Second, there is a need to support digital transformation within the economy and the acceleration of digitalization in the financial industry.

The results of the BSP's 2019 Financial Inclusion survey revealed that there is a wide gap in smartphone ownership and internet access depending on locality, geography, and income.

This basic constraint needs to be addressed so that our objectives can be achieved.

In this regard, the BSP has expressed its strong support for programs that will hasten the establishment of reliable internet infrastructure across the country.  

These include the passage of the Open Access in Data Transmission Act and the issuance of amendments to the Executive Order to Liberalize Access to Satellite Technology for Internet Services, which will allow the operation and use of international satellite communications in the country.

Third, given the vital role played by the MSME sector in reinforcing the country's growth prospects, the BSP is working on the establishment of market-enabling infrastructure that will sustain recovery of the MSME sector.

These include: the establishment of a Credit Risk Database which will enable MSMEs to readily access low-cost and collateral- free lending.

Towards this end, the BSP is working with the Japanese Government on the development of this Credit Risk Database for MSMEs. This is a comprehensive statistical reference tool for risk-based lending.

This will lessen the dependence of banks on collateral, hence increase MSME access to financing.

The BSP also strongly supports the passage of the GUIDE Bill which proposes measures to strengthen capacity of government financial institutions to provide financing to MSMEs and other strategically important companies.

Let me now share some thoughts as to how the TMAP can contribute to our national efforts, especially in the crucial areas to our growth.

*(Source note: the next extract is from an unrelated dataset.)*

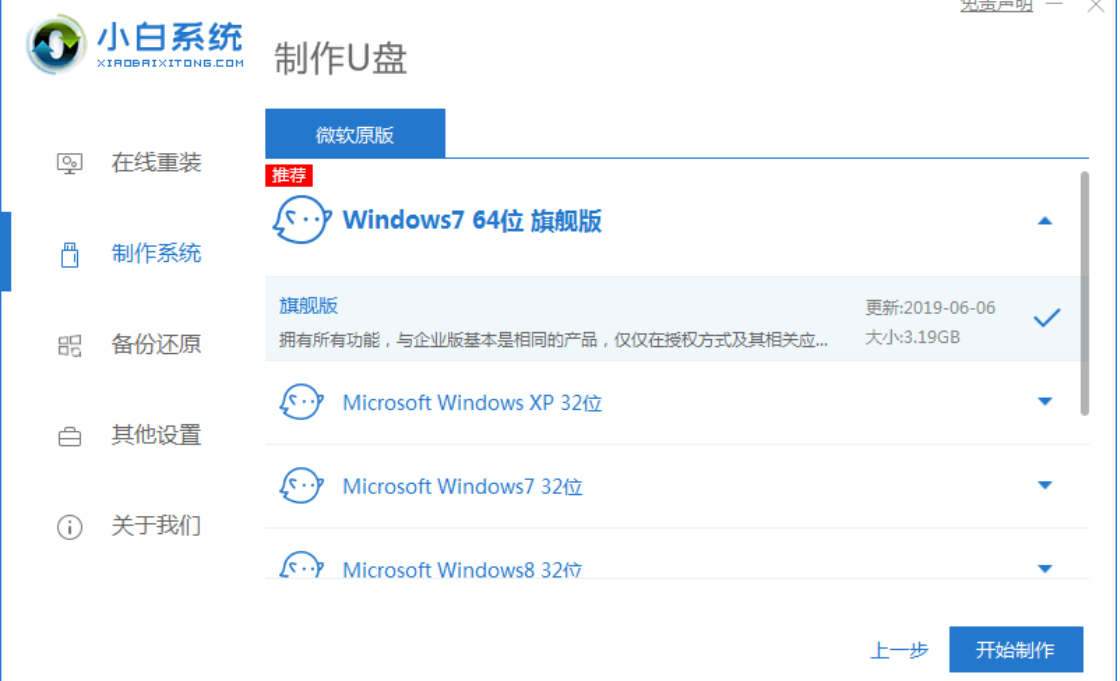 3.在頁面中,選擇我們需要下載的系統(tǒng),選擇好之后點(diǎn)擊“開始制作”。
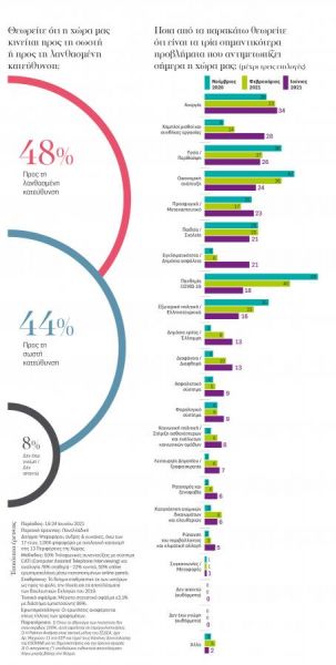 Το 48% των πολιτών θεωρούν πως η χώρα κινείται σε λάθος κατεύθυνση, ενώ το 35% απαντάει πως η Ν.Δ., κατά τη διάρκεια της διακυβέρνησής της, τα έχει πάει χειρότερα σε σχέση με τις προσδοκίες που είχε καλλιεργήσει πριν από τις εκλογές, με ένα 31% να θεωρεί πως δεν τα έχει πάει ούτε χειρότερα ούτε καλύτερα.

The country entered the crisis with a strong fiscal base which enabled the Philippines to bridge the massive funding needed to finance the government's social amelioration programs at the height of the pandemic.  

Moving forward, we need to ensure that our tax system will be able to mobilize the needed revenues to finance the requirements of the country.

Tax professionals can contribute to this objective by promoting tax compliance and transparency in financial reporting by individuals and enterprises.

Tax policy may also be enhanced to direct private sector investment towards:

1.    Activities that will promote digital transformation as well as "greening" of our economy, and

2.    Companies that demonstrate good governance and sustainability in their corporate footprint.

The support of the TMAP in advocating for tax reform in these areas will align with our strategic initiatives.  I hope that TMAP can be a partner in our efforts to overcoming this crisis.

To close, I'd like to share this nugget of wisdom from Martin Luther King, Jr. "The ultimate measure of a man is not where he stands in the moments of comfort and convenience, but where he stands at times of challenge and controversy".

Let ours, therefore, be the generation which history will judge as responsible for shaping a more resilient, inclusive, and sustainable future for the Philippines beyond this crisis.

Thank you and I wish everyone a productive meeting ahead.